(EXERCISE): Using the listing below, give again exactly the lines from the line with "中共陕西省委教育工委、陕西省" to the line with "此外,我们还提供了抖金源码,可以将这个点", inclusive, without the pictures.

(INFORMATION SUPPLIED):
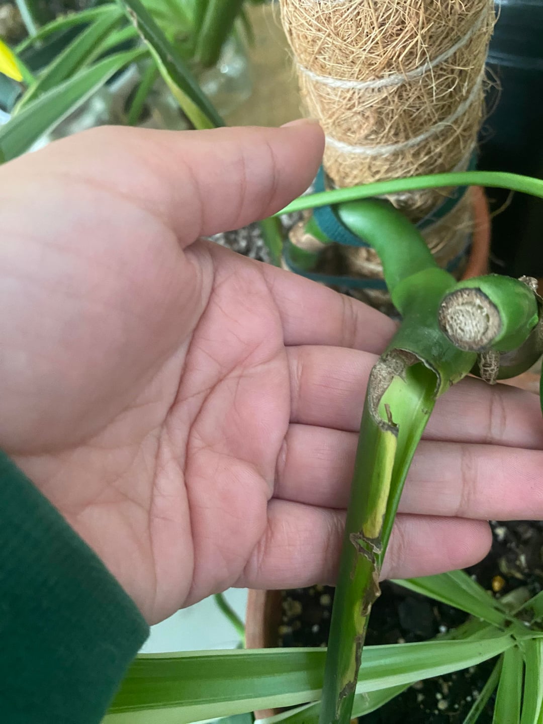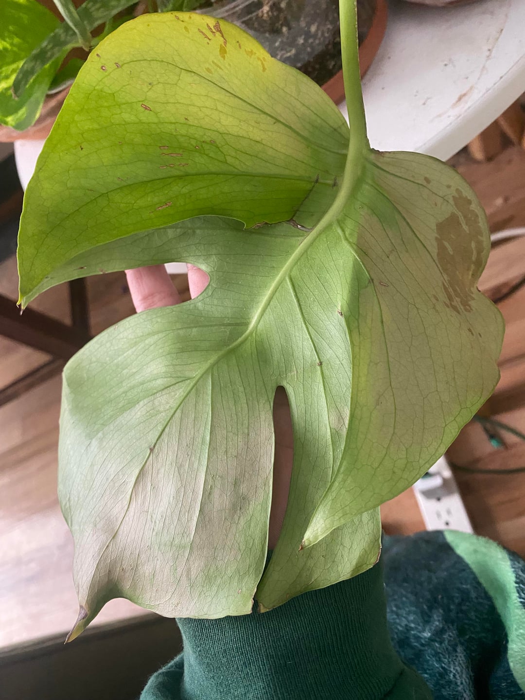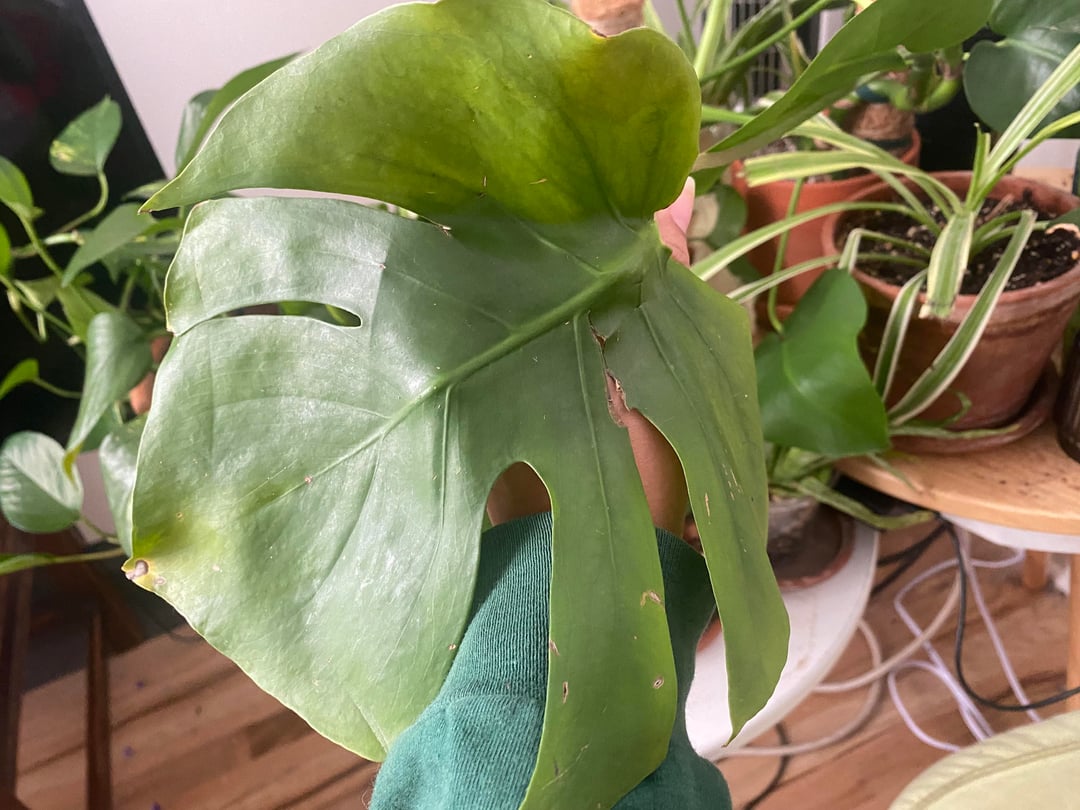 私のフィドルリーフイチジクの葉はほこりっぽいですが、何かが欠けていないかどうかを確認するためにそこに残しました。最近、北向きの窓から南向きの窓に移したのですが、葉がかなり日焼けしてしまいました。今は日焼け以上のものが心配です。もう1枚の葉は、最近植え替えたモンステラのもので、葉は茎のところで折れていますが、植物がすべての栄養素を吸収できるようにそのままにしておきます。しかし、それ以上のものなのかも疑問に思っています。私はアザミウマを扱ったことはありませんが、これらのサブレディットでよく見かけて、今では被害妄想になっています。
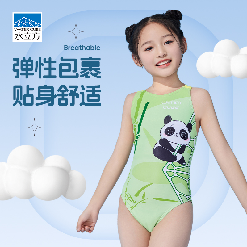水立方儿童连体三角泳衣女童专业训练竞速速干中大童比赛竞技泳装
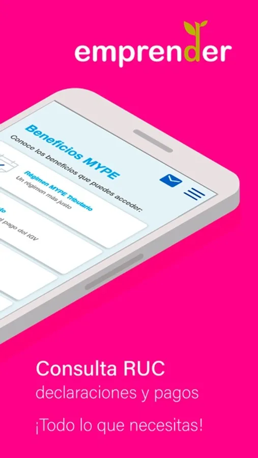 Bienvenido a la APP Emprender SUNAT. Una aplicación desarrollada especialmente para los micro y pequeños empresarios (MYPE) con el propósito de ayudarles a cumplir, de manera rápida y sencilla, con sus obligaciones tributarias.
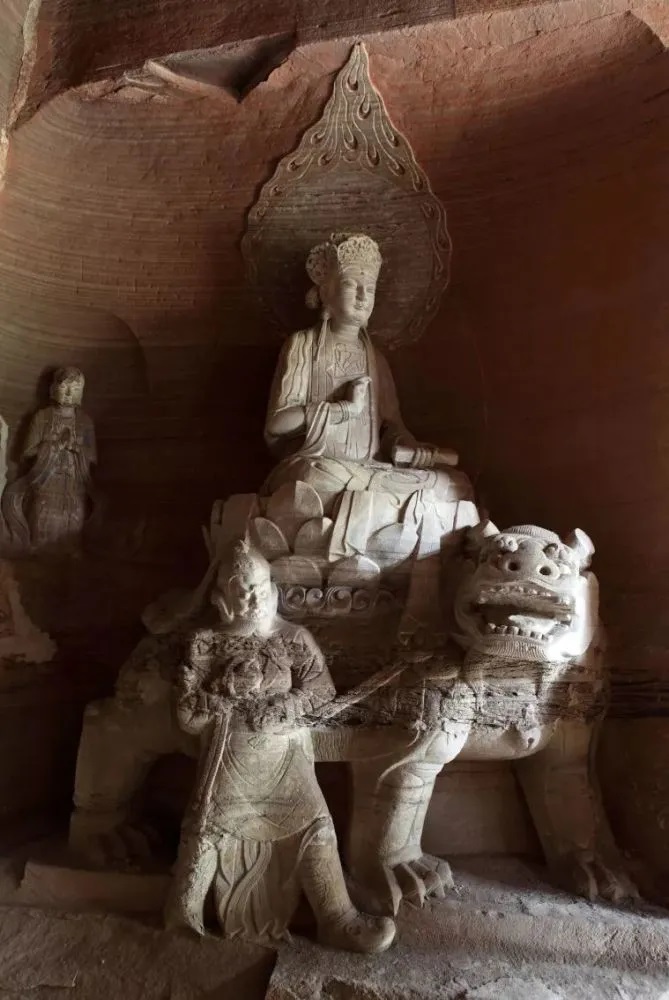 说完腾身踊上虚空,现出文殊菩萨德相,狗也化为菩萨座下的狮子,两个孩子却是两位侍者。
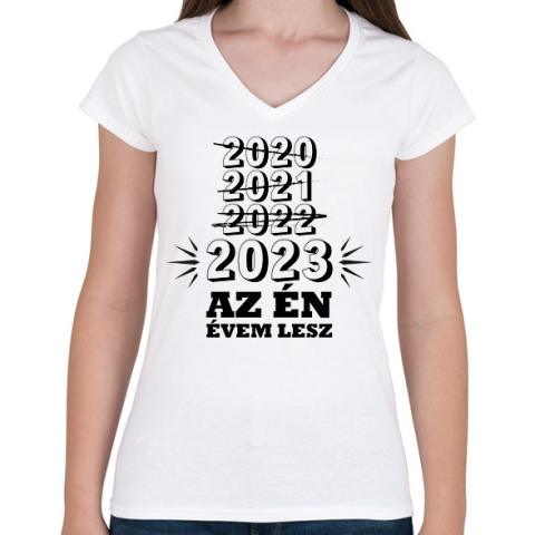 1 kép PRINTFASHION Az én évem lesz - Női V-nyakú póló - Fehér
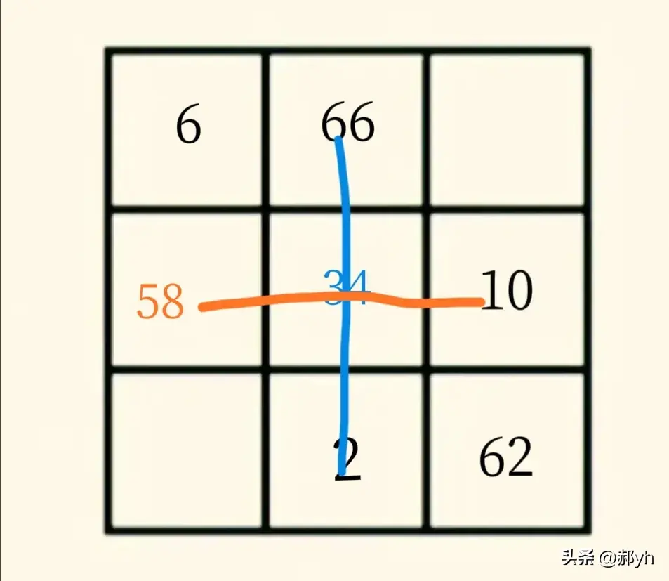 五、过中宫的线上三数等差,成等差数列,换言之,中间数为两端数的平均数。
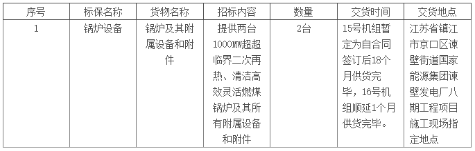 國家能源集團2025年8月電站鍋爐及附屬設備(江蘇諫壁八期2×1000MW)公開招標項目招標公告
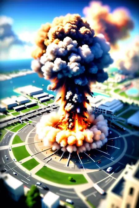 This model is trained on the concept of tilt shift, which is an old camera trick that makes the subject of photos look very tiny by manipulating blur on the upper and lower half of the image to make it look like depth of field blur. Anyway, it makes everything look really tiny. The trigger word is "tilt-shift".
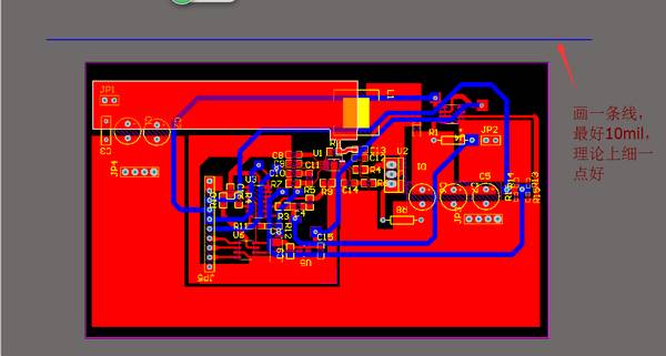 如图所示的双面PCB板,首先要在上方画一条线(更好10mil)
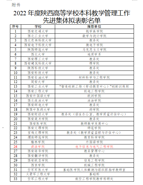 中共陕西省委教育工委、陕西省教育厅下发了2022年度全省教育系统表彰文件,公司太阳成集团tyc122cc被评为“2022年度陕西高等公司本科教学管理工作先进集体”。
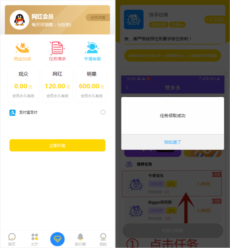 此外,我们还提供了抖金源码,可以将这个点赞任务平台封装成一个APP,方便用户在手机上使用。
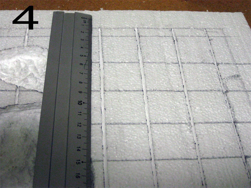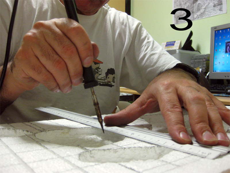 FOTO 3 -4 : Con una regla metálica ,dibujamos las baldosas ,en proporción a la altura de la figura ,en este caso 16 cm ,tanto horizontal como vertical . Con la regla y el soldador pasaremos por encima de las lineas de lápiz para profundizar la separaciones .
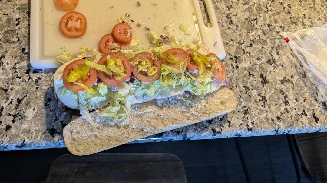 Basically just a big sandwich. I also added olive oil and red wine vinegar cause it wouldn't be the same without. Also as before all the veggies were grown from a friend's garden and freshly picked this morning 😁
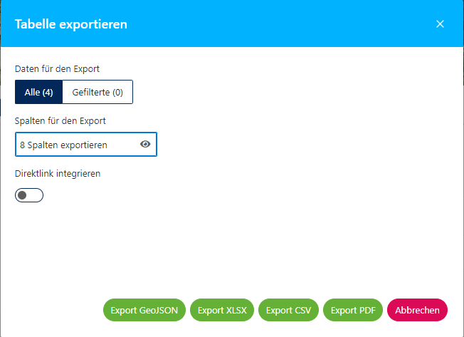 Nun können Sie wählen, ob die ganze Tabelle (Alle) oder nur ein zuvor ausgewählter Teil (Gefilterte) exportiert werden soll. Danach können Sie die Spalten, also Unterkategorien auswählen, die Ihr Export enthalten soll und können dann entscheiden, ob ein Direktlink in die Datei angefügt werden soll, der auf die ursprüngliche Tabelle zurückführt.

(ANSWER TO THE EXERCISE):
 中共陕西省委教育工委、陕西省教育厅下发了2022年度全省教育系统表彰文件,公司太阳成集团tyc122cc被评为“2022年度陕西高等公司本科教学管理工作先进集体”。
 此外,我们还提供了抖金源码,可以将这个点赞任务平台封装成一个APP,方便用户在手机上使用。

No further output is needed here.